Arcadis Provides ‘Living’ Software Presentation to Assess Interceptor Condition, Risk

At the April 4 meeting of the Gulf Coast Chapter of the Underground Construction Technology Association, Harrison Steed, P.E., senior project manager with Arcadis, discussed  a complex project involving Dallas Water Utilities’ wastewater collection system. Spanning more  than 230 miles of large-diameter (24 inches and greater) interceptors, pipe in the system dated back to the early 1900s.

“Due to the aging infrastructure and the need for reliable capital improvement program (CIP) planning, DWU was seeking a way to effectively prioritize rehabilitation and replacement projects for both the present and the future,” said Steed. “Arcadis was retained to assess the interceptor system condition and risk.”

For the condition assessment, Arcadis used several inspection technologies and NASSCO’s PACP chart to look at 100 miles of the total. That’s when the project became even more complicated.

“Trending didn’t show the pattern DWU hoped for,” said Steed. “Actually, the first results were not as bad as everyone thought they would be.”

That was due to accessibility problems, including location constraints and technological limitations. “Even with sophisticated technology, there were stretches we couldn’t physically inspect.

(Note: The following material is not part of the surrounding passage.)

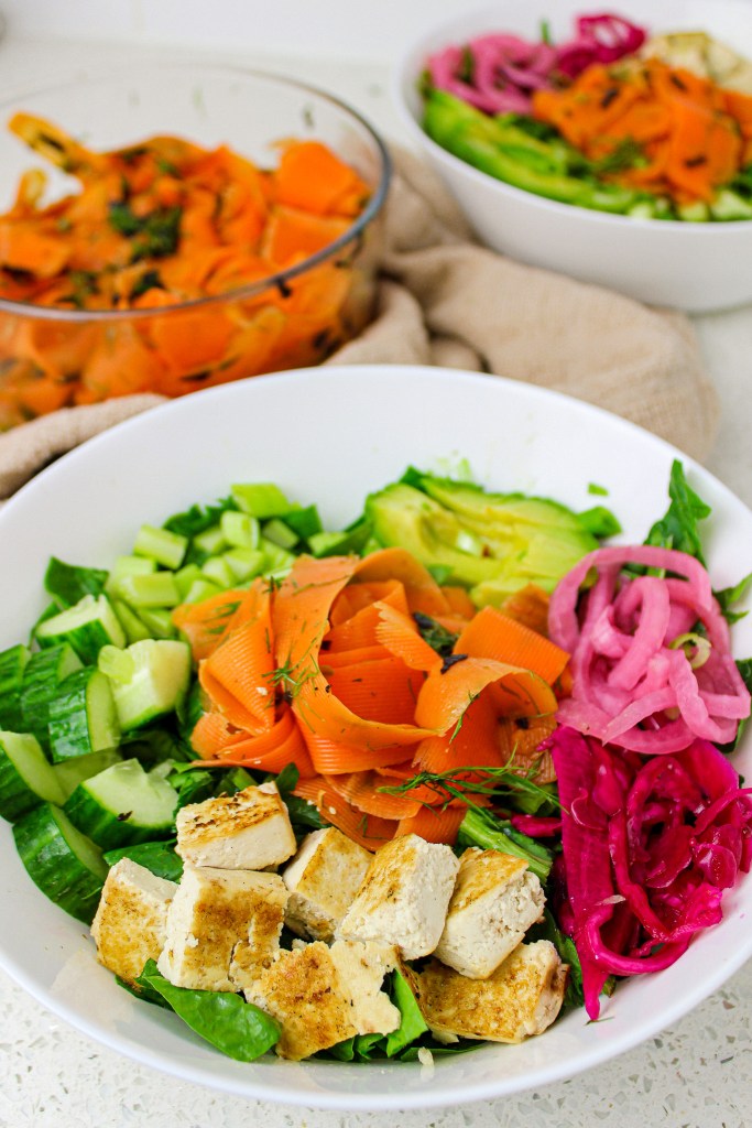 There are so many ways to enjoy vegan smoked salmon, the classic being on a bagel with cream cheese. We also love to add tomato, cucumber, quick pickled red onions, and fresh dill, but you can add whatever you like to your bagel creation! Carrot lox makes a great addition to salads as well as piled-on crackers spread with vegan cheese for your next charcuterie board.

“In the absence of that inspection data, we used statistical probability models to leverage the condition of inspected pipes to forecast condition of inaccessible pipes within the interceptor system.”

This data was combined with performance condition data and spatial consequence of failure in order to determine the risk for each pipe segment. “In other words, how expensive and painful would failure be in each case,” he added.
Arcadis then used its Rehabilitation and Replacement Planning System (RRPS), a software tool designed for distributed assets managed with a geographic information system (GIS)-based tool. to assist in the selection of CIP projects and overall reduction of system risk. RRPS is RRPS is used to identify the high-risk assets based on the physical inspection data for renewal or replacement.

The tool also has a “living and breathing” aspect, said Steed. “After giving them a basis for why and how to spend the money they had, we showed DWU how to run RRPS themselves going forward to recalculate the condition assessment with updated data.”

Harrison Steed is a civil engineer with 16 years of experience in large-diameter water and wastewater municipal pipeline planning, condition assessment, design and rehabilitation. He has worked on more than 50 different sewer projects, from 8- to 120-inch diameter, totaling 1.5 million feet.